BEGIN Records for the exercise
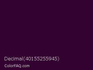 Decimal 40155255945 Color is a very dark magenta color and the nearest color is Mardi Gras #350036. Hex code #340131 and RGB value is rgb(52,1,49). In RGB color space, this color is composed of 20% red, 0% green, 19% blue, In CMYK color space, this color is composed of 0% cyan, 98% magenta, 6% yellow , 80% black , In HSL color space, this color has a hue angle of 304° , 96% saturation and 10% lightness.
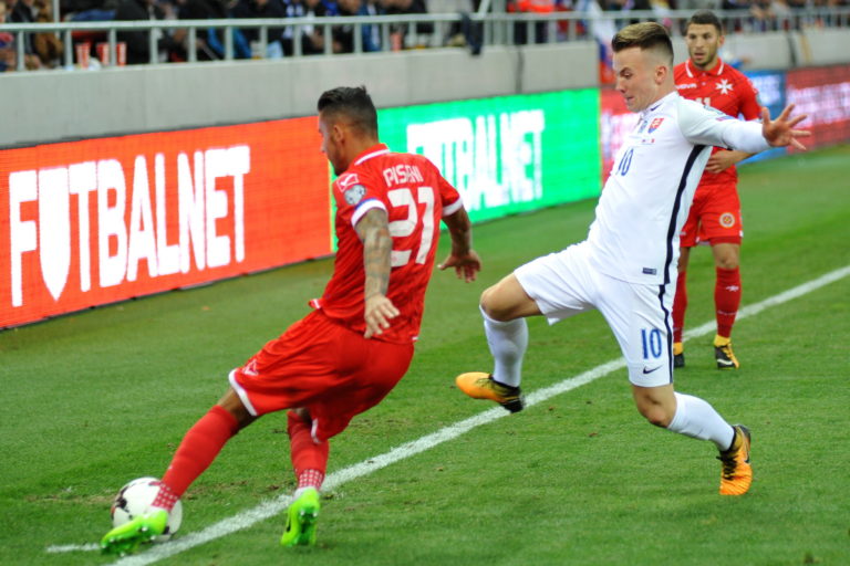 Sprava: Albert Rusnák (Slovensko) a Stephen Pisani (Malta) počas futbalového zápasu Slovensko - Malta v rámci F-skupiny európskej časti kvalifikácie o postup na MS 2018 do Ruska. Trnava, 8. október 2017. Foto: SITA/Ivan Kopčáni.
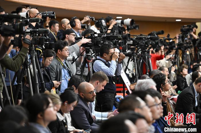 3月6日,十四屆全國人大二次會議在北京舉行記者會,國家發(fā)展和改革委員會主任鄭柵潔、財政部部長藍佛安、商務(wù)部部長王文濤、中國人民銀行行長潘功勝、中國證券監(jiān)督管理委員會主席吳清就發(fā)展改革、財政預(yù)算、商務(wù)、金融證券等相關(guān)問題回答中外記者提問。圖為中外記者在現(xiàn)場采訪?!≈行律缬浾?何蓬磊 攝
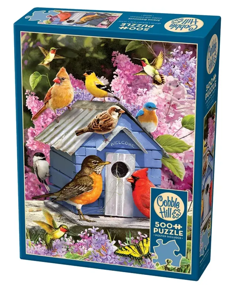 Ett fågelhus i blått är placerat på trädgårdsmuren, taket är av plåt som ger ett bra regnskydd och trivsamt smatter när det regnar. Över dörren står det ”välkommen” så att alla trädgårdens befjädrade vänner ska känna sig välkomna. Fåglar, kolibrier och fjärilar har samlats här idag, deras vackra färger blir fina kontraster till syrenträden i bakgrunden vars blommor dignar i ljust rosa och lila toner.
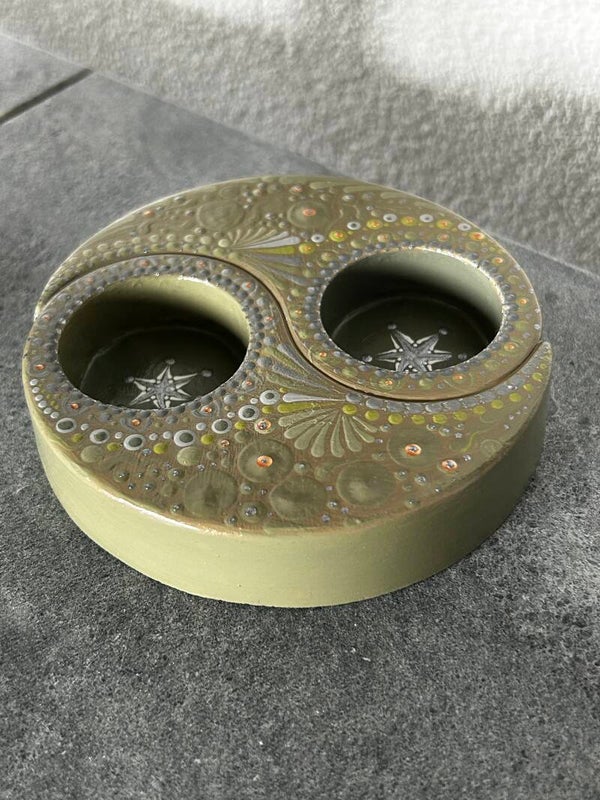 in den wundervollen erdigen sanften ruhigen Grün-Nuancen - sowie Tonerdengrün , olivengrün , erdiges graugrün und ein Hauch von Lindengrün - eigentlich erinnert dieser Candle-Light Balancer an die Kraft der Pflanzen - ob Kräuter oder schöne Bäume - ob die relaxten Stunden mit dem tiefen Durchatmen - er verschönert auf jeden Fall seine wohltuende energiespendene Stimmung.
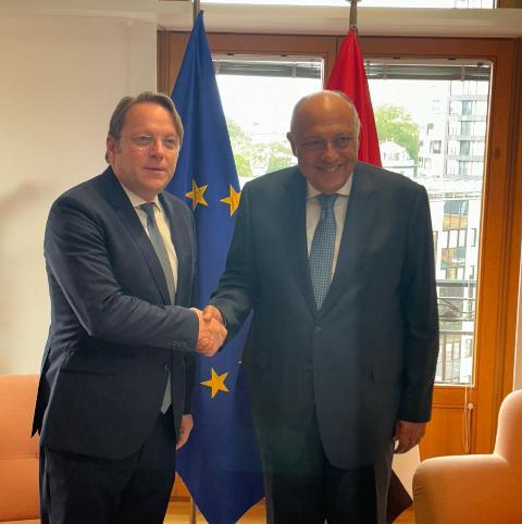 شكري يبحث مع المفوض الأوروبي للجوار مستجدات الحرب في غزة
END Records for the exercise
__Try it__.
From first line to last, return the records verbatim without their pictures.

__Answer to the exercise__.
 Decimal 40155255945 Color is a very dark magenta color and the nearest color is Mardi Gras #350036. Hex code #340131 and RGB value is rgb(52,1,49). In RGB color space, this color is composed of 20% red, 0% green, 19% blue, In CMYK color space, this color is composed of 0% cyan, 98% magenta, 6% yellow , 80% black , In HSL color space, this color has a hue angle of 304° , 96% saturation and 10% lightness.
 Sprava: Albert Rusnák (Slovensko) a Stephen Pisani (Malta) počas futbalového zápasu Slovensko - Malta v rámci F-skupiny európskej časti kvalifikácie o postup na MS 2018 do Ruska. Trnava, 8. október 2017. Foto: SITA/Ivan Kopčáni.
 3月6日,十四屆全國人大二次會議在北京舉行記者會,國家發(fā)展和改革委員會主任鄭柵潔、財政部部長藍佛安、商務(wù)部部長王文濤、中國人民銀行行長潘功勝、中國證券監(jiān)督管理委員會主席吳清就發(fā)展改革、財政預(yù)算、商務(wù)、金融證券等相關(guān)問題回答中外記者提問。圖為中外記者在現(xiàn)場采訪?!≈行律缬浾?何蓬磊 攝
 Ett fågelhus i blått är placerat på trädgårdsmuren, taket är av plåt som ger ett bra regnskydd och trivsamt smatter när det regnar. Över dörren står det ”välkommen” så att alla trädgårdens befjädrade vänner ska känna sig välkomna. Fåglar, kolibrier och fjärilar har samlats här idag, deras vackra färger blir fina kontraster till syrenträden i bakgrunden vars blommor dignar i ljust rosa och lila toner.
 in den wundervollen erdigen sanften ruhigen Grün-Nuancen - sowie Tonerdengrün , olivengrün , erdiges graugrün und ein Hauch von Lindengrün - eigentlich erinnert dieser Candle-Light Balancer an die Kraft der Pflanzen - ob Kräuter oder schöne Bäume - ob die relaxten Stunden mit dem tiefen Durchatmen - er verschönert auf jeden Fall seine wohltuende energiespendene Stimmung.
 شكري يبحث مع المفوض الأوروبي للجوار مستجدات الحرب في غزة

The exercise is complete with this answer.